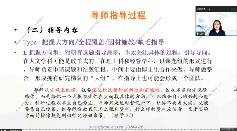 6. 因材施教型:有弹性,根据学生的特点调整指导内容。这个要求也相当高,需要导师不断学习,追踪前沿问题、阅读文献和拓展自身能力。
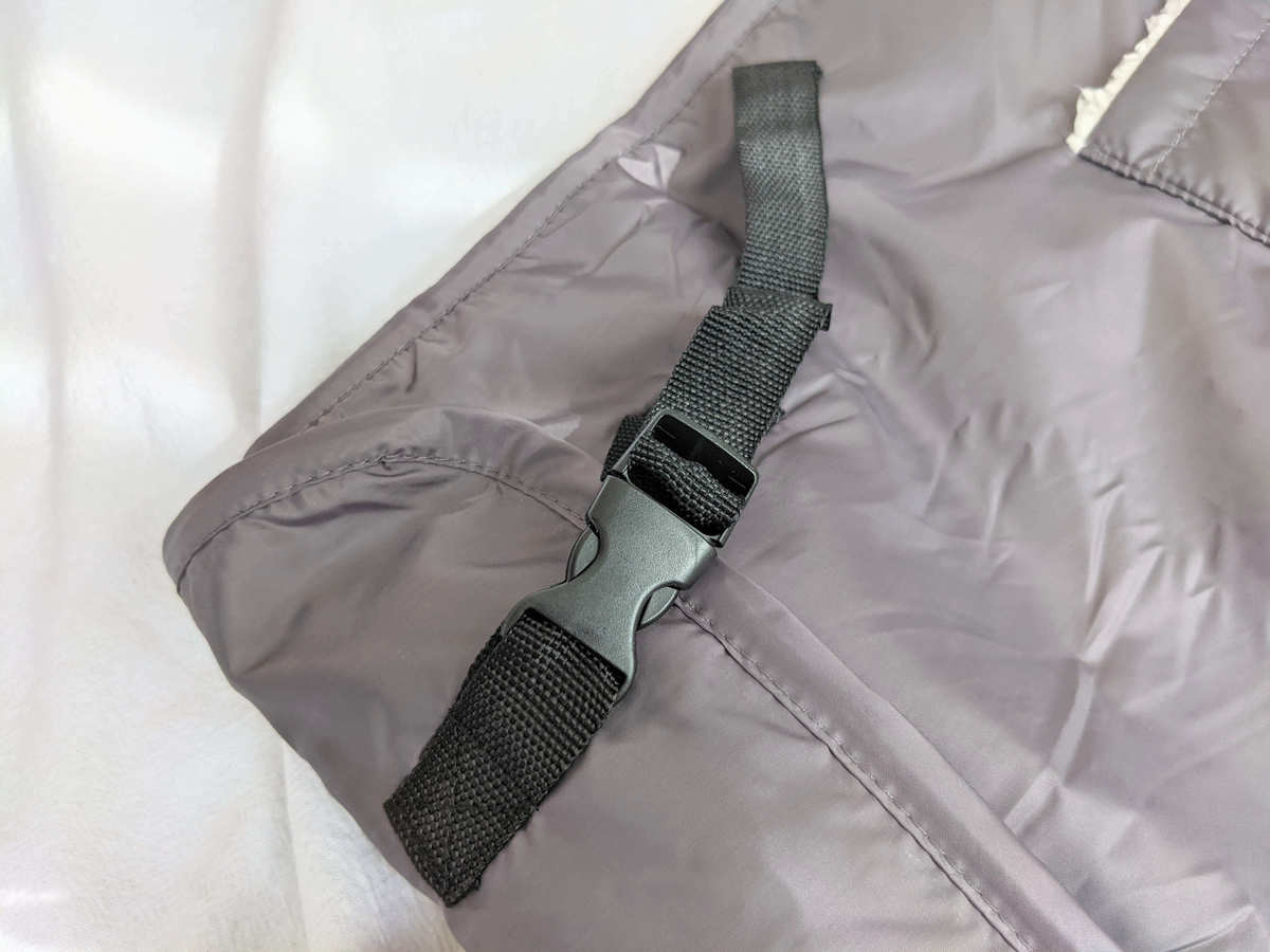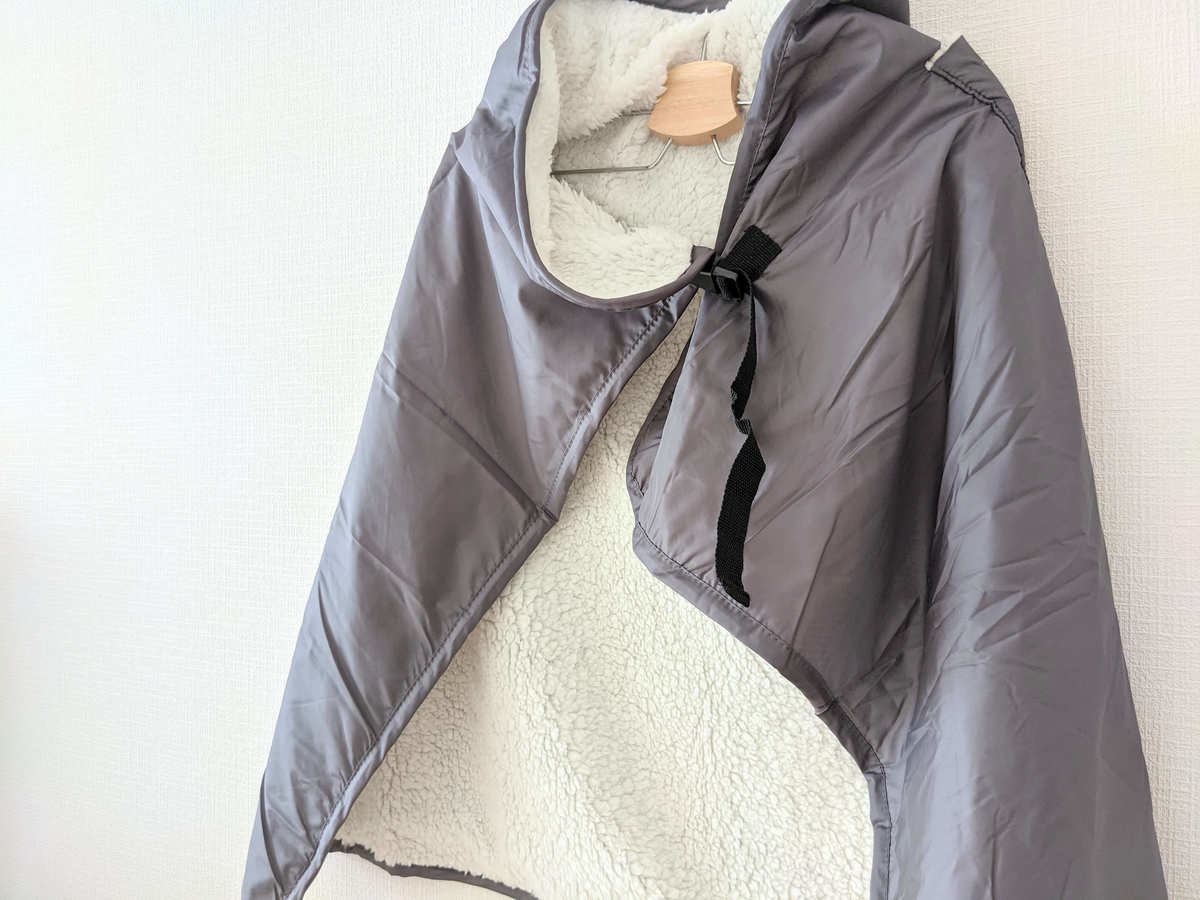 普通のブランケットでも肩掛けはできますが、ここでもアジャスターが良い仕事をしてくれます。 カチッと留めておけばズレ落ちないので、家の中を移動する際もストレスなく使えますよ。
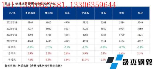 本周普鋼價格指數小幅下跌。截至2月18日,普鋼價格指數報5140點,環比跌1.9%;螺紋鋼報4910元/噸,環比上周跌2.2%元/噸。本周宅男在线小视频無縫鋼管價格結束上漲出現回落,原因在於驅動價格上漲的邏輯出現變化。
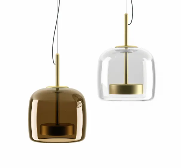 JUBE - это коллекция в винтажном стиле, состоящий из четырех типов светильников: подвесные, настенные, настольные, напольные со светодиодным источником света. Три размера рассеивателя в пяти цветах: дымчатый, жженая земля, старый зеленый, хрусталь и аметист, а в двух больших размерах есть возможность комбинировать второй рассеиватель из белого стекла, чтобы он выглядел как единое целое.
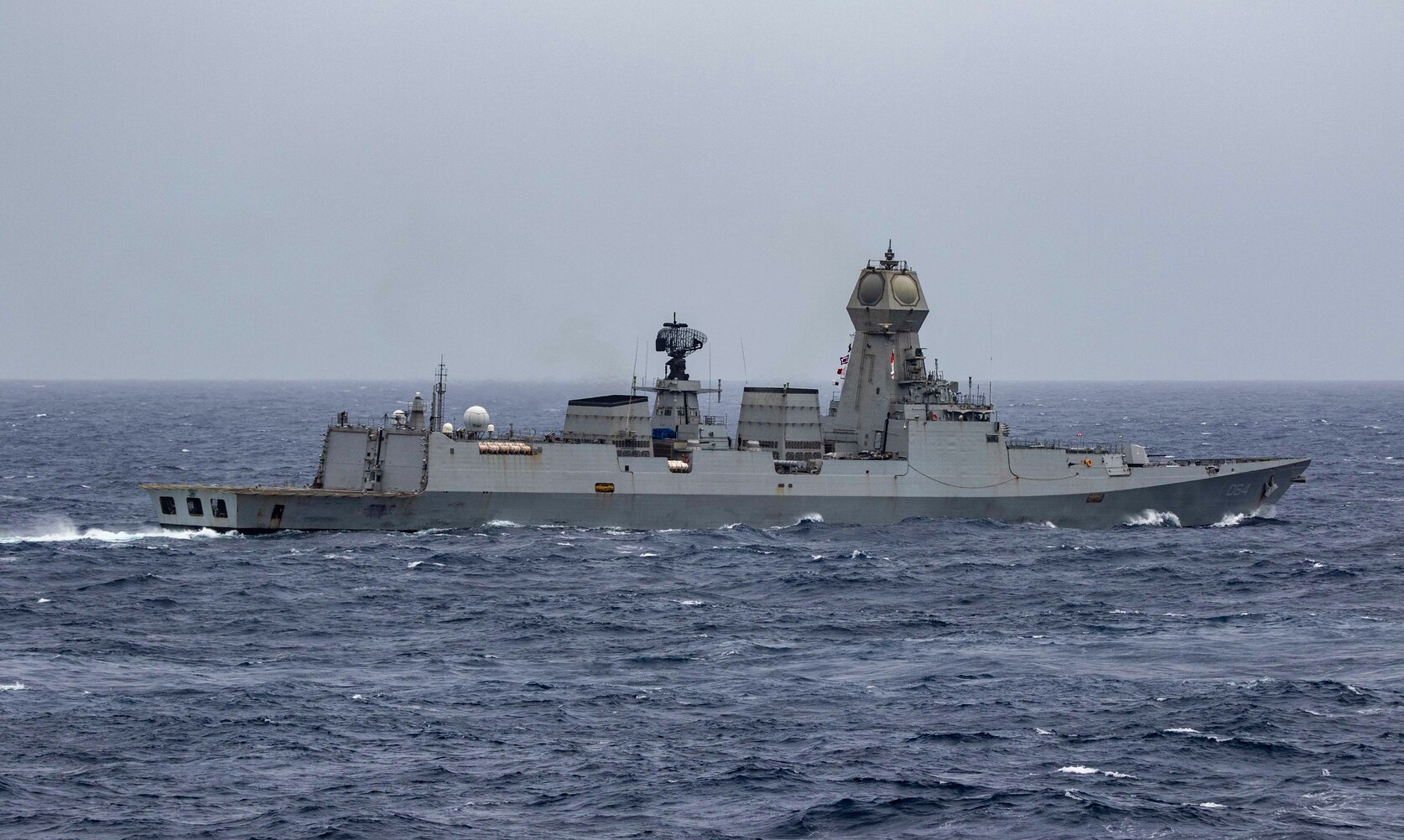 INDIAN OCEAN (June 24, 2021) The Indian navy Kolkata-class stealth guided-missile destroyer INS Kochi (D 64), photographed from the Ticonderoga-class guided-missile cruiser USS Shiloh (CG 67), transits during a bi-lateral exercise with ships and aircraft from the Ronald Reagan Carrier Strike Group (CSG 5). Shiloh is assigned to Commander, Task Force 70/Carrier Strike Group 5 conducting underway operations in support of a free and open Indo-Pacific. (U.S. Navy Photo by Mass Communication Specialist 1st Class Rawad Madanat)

What you are asked to do -
An exact repeat of all the data is required, pictures excluded.

Reply to the task -
 6. 因材施教型:有弹性,根据学生的特点调整指导内容。这个要求也相当高,需要导师不断学习,追踪前沿问题、阅读文献和拓展自身能力。
 普通のブランケットでも肩掛けはできますが、ここでもアジャスターが良い仕事をしてくれます。 カチッと留めておけばズレ落ちないので、家の中を移動する際もストレスなく使えますよ。
 本周普鋼價格指數小幅下跌。截至2月18日,普鋼價格指數報5140點,環比跌1.9%;螺紋鋼報4910元/噸,環比上周跌2.2%元/噸。本周宅男在线小视频無縫鋼管價格結束上漲出現回落,原因在於驅動價格上漲的邏輯出現變化。
 JUBE - это коллекция в винтажном стиле, состоящий из четырех типов светильников: подвесные, настенные, настольные, напольные со светодиодным источником света. Три размера рассеивателя в пяти цветах: дымчатый, жженая земля, старый зеленый, хрусталь и аметист, а в двух больших размерах есть возможность комбинировать второй рассеиватель из белого стекла, чтобы он выглядел как единое целое.
 INDIAN OCEAN (June 24, 2021) The Indian navy Kolkata-class stealth guided-missile destroyer INS Kochi (D 64), photographed from the Ticonderoga-class guided-missile cruiser USS Shiloh (CG 67), transits during a bi-lateral exercise with ships and aircraft from the Ronald Reagan Carrier Strike Group (CSG 5). Shiloh is assigned to Commander, Task Force 70/Carrier Strike Group 5 conducting underway operations in support of a free and open Indo-Pacific. (U.S. Navy Photo by Mass Communication Specialist 1st Class Rawad Madanat)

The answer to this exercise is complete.